Given material
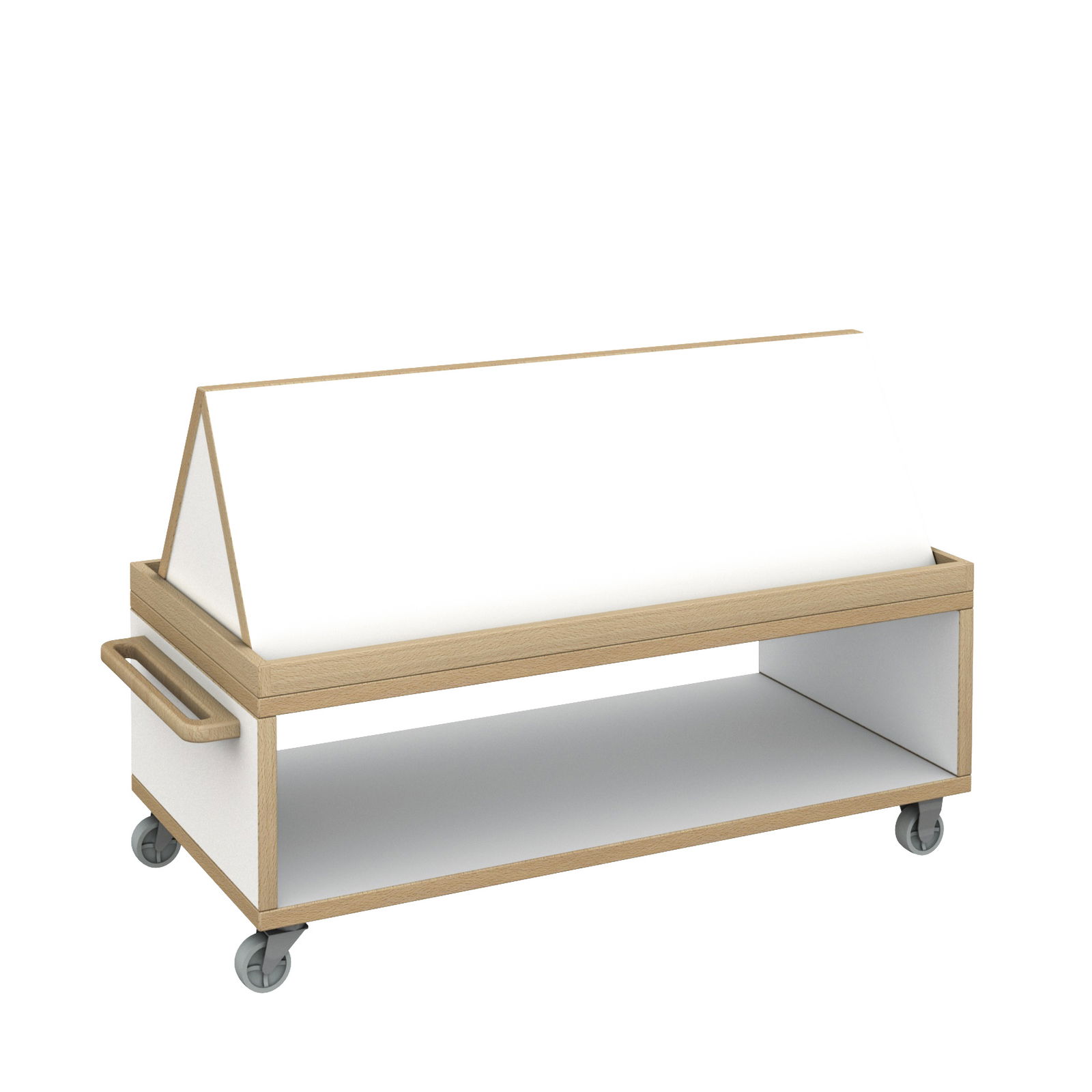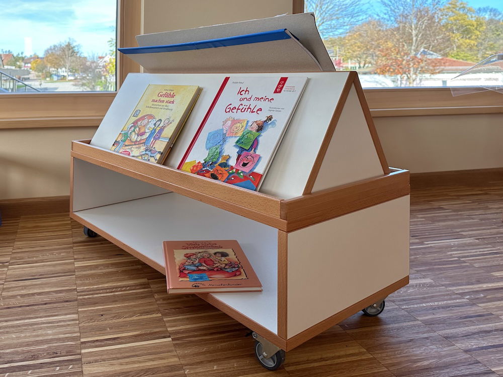 Der kleine Bücherwagen ist perfekt, um Kinder neugierig zu machen. Dank seiner schrägen Präsentationsfläche können aktuelle Lieblingsbücher oder thematisch passende Literatur ansprechend und sichtbar ausgestellt werden. So wird die Lust am Entdecken geweckt und die Hürde zum Lesen spielerisch gesenkt.
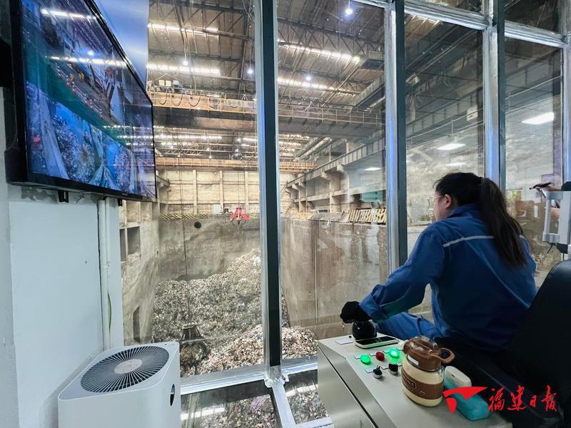 協(xié)同處置廠內(nèi),工作人員正在隔窗抓取儲(chǔ)坑內(nèi)的原生生活垃圾。陳歡歡 攝
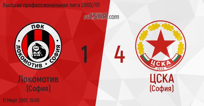 ЦСКА выиграл у Локомотив (София) со счётом 1:4 в матче Высшая профессиональная лига 2000/01 сыгранный 11 Март 2001 г. в 15:00 ч. на стадионе „Локомотив“ в София. за армейцев отличились Владимир Манчев (5′), Методи Деянов (32′), Асен Букарев (34′) и Мичо Враньеш (82′).

Your instructions
Please write out the whole listing exactly, but not the pictures in it.

Output
 Der kleine Bücherwagen ist perfekt, um Kinder neugierig zu machen. Dank seiner schrägen Präsentationsfläche können aktuelle Lieblingsbücher oder thematisch passende Literatur ansprechend und sichtbar ausgestellt werden. So wird die Lust am Entdecken geweckt und die Hürde zum Lesen spielerisch gesenkt.
 協(xié)同處置廠內(nèi),工作人員正在隔窗抓取儲(chǔ)坑內(nèi)的原生生活垃圾。陳歡歡 攝
 ЦСКА выиграл у Локомотив (София) со счётом 1:4 в матче Высшая профессиональная лига 2000/01 сыгранный 11 Март 2001 г. в 15:00 ч. на стадионе „Локомотив“ в София. за армейцев отличились Владимир Манчев (5′), Методи Деянов (32′), Асен Букарев (34′) и Мичо Враньеш (82′).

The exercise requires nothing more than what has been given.